PROBLEM TO SOLVE.
Your output should consist of the data, copied exactly.

RECORDED DATA.
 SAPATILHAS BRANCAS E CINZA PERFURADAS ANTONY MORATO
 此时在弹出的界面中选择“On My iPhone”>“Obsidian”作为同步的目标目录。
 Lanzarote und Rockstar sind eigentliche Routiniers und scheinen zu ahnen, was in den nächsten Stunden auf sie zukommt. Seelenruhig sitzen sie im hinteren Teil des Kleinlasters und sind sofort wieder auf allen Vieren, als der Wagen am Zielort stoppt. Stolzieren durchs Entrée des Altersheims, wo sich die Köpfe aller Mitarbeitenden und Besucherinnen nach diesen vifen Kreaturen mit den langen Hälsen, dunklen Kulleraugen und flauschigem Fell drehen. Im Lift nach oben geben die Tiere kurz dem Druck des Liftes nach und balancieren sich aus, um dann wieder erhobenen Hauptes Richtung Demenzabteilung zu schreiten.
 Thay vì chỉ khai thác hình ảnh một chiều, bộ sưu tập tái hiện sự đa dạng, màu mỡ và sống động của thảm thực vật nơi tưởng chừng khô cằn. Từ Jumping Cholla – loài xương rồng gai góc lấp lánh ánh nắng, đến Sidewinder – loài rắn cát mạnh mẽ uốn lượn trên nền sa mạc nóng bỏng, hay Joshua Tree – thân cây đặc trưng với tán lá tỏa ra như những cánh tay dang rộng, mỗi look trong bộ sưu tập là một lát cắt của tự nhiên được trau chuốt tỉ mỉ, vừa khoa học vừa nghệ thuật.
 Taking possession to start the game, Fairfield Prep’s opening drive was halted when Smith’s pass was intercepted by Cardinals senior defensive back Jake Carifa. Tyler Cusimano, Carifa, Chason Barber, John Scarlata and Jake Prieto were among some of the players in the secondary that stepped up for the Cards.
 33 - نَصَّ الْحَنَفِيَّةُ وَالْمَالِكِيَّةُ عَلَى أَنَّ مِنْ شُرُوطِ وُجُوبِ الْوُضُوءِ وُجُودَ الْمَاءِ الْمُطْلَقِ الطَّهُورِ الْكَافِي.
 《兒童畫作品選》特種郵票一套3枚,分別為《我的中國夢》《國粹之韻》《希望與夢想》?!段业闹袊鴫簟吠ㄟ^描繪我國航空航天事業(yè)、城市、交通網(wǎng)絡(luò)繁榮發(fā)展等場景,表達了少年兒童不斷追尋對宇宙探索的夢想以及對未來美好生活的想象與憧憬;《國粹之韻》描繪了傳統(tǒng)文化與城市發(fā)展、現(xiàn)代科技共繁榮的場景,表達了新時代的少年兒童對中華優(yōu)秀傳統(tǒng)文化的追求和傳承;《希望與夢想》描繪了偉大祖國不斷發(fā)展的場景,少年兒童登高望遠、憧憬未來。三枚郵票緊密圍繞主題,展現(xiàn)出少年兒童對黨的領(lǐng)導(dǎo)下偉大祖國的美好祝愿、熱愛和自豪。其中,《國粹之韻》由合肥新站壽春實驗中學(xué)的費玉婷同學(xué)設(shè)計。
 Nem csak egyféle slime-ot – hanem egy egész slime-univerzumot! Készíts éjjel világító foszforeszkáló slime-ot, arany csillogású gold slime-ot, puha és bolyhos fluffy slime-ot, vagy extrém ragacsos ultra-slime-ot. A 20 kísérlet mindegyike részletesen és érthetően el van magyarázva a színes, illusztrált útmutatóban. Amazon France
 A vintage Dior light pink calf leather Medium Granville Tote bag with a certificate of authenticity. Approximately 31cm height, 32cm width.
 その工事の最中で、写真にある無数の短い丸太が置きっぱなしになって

TASK RESPONSE.
 SAPATILHAS BRANCAS E CINZA PERFURADAS ANTONY MORATO
 此时在弹出的界面中选择“On My iPhone”>“Obsidian”作为同步的目标目录。
 Lanzarote und Rockstar sind eigentliche Routiniers und scheinen zu ahnen, was in den nächsten Stunden auf sie zukommt. Seelenruhig sitzen sie im hinteren Teil des Kleinlasters und sind sofort wieder auf allen Vieren, als der Wagen am Zielort stoppt. Stolzieren durchs Entrée des Altersheims, wo sich die Köpfe aller Mitarbeitenden und Besucherinnen nach diesen vifen Kreaturen mit den langen Hälsen, dunklen Kulleraugen und flauschigem Fell drehen. Im Lift nach oben geben die Tiere kurz dem Druck des Liftes nach und balancieren sich aus, um dann wieder erhobenen Hauptes Richtung Demenzabteilung zu schreiten.
 Thay vì chỉ khai thác hình ảnh một chiều, bộ sưu tập tái hiện sự đa dạng, màu mỡ và sống động của thảm thực vật nơi tưởng chừng khô cằn. Từ Jumping Cholla – loài xương rồng gai góc lấp lánh ánh nắng, đến Sidewinder – loài rắn cát mạnh mẽ uốn lượn trên nền sa mạc nóng bỏng, hay Joshua Tree – thân cây đặc trưng với tán lá tỏa ra như những cánh tay dang rộng, mỗi look trong bộ sưu tập là một lát cắt của tự nhiên được trau chuốt tỉ mỉ, vừa khoa học vừa nghệ thuật.
 Taking possession to start the game, Fairfield Prep’s opening drive was halted when Smith’s pass was intercepted by Cardinals senior defensive back Jake Carifa. Tyler Cusimano, Carifa, Chason Barber, John Scarlata and Jake Prieto were among some of the players in the secondary that stepped up for the Cards.
 33 - نَصَّ الْحَنَفِيَّةُ وَالْمَالِكِيَّةُ عَلَى أَنَّ مِنْ شُرُوطِ وُجُوبِ الْوُضُوءِ وُجُودَ الْمَاءِ الْمُطْلَقِ الطَّهُورِ الْكَافِي.
 《兒童畫作品選》特種郵票一套3枚,分別為《我的中國夢》《國粹之韻》《希望與夢想》?!段业闹袊鴫簟吠ㄟ^描繪我國航空航天事業(yè)、城市、交通網(wǎng)絡(luò)繁榮發(fā)展等場景,表達了少年兒童不斷追尋對宇宙探索的夢想以及對未來美好生活的想象與憧憬;《國粹之韻》描繪了傳統(tǒng)文化與城市發(fā)展、現(xiàn)代科技共繁榮的場景,表達了新時代的少年兒童對中華優(yōu)秀傳統(tǒng)文化的追求和傳承;《希望與夢想》描繪了偉大祖國不斷發(fā)展的場景,少年兒童登高望遠、憧憬未來。三枚郵票緊密圍繞主題,展現(xiàn)出少年兒童對黨的領(lǐng)導(dǎo)下偉大祖國的美好祝愿、熱愛和自豪。其中,《國粹之韻》由合肥新站壽春實驗中學(xué)的費玉婷同學(xué)設(shè)計。
 Nem csak egyféle slime-ot – hanem egy egész slime-univerzumot! Készíts éjjel világító foszforeszkáló slime-ot, arany csillogású gold slime-ot, puha és bolyhos fluffy slime-ot, vagy extrém ragacsos ultra-slime-ot. A 20 kísérlet mindegyike részletesen és érthetően el van magyarázva a színes, illusztrált útmutatóban. Amazon France
 A vintage Dior light pink calf leather Medium Granville Tote bag with a certificate of authenticity. Approximately 31cm height, 32cm width.
 その工事の最中で、写真にある無数の短い丸太が置きっぱなしになって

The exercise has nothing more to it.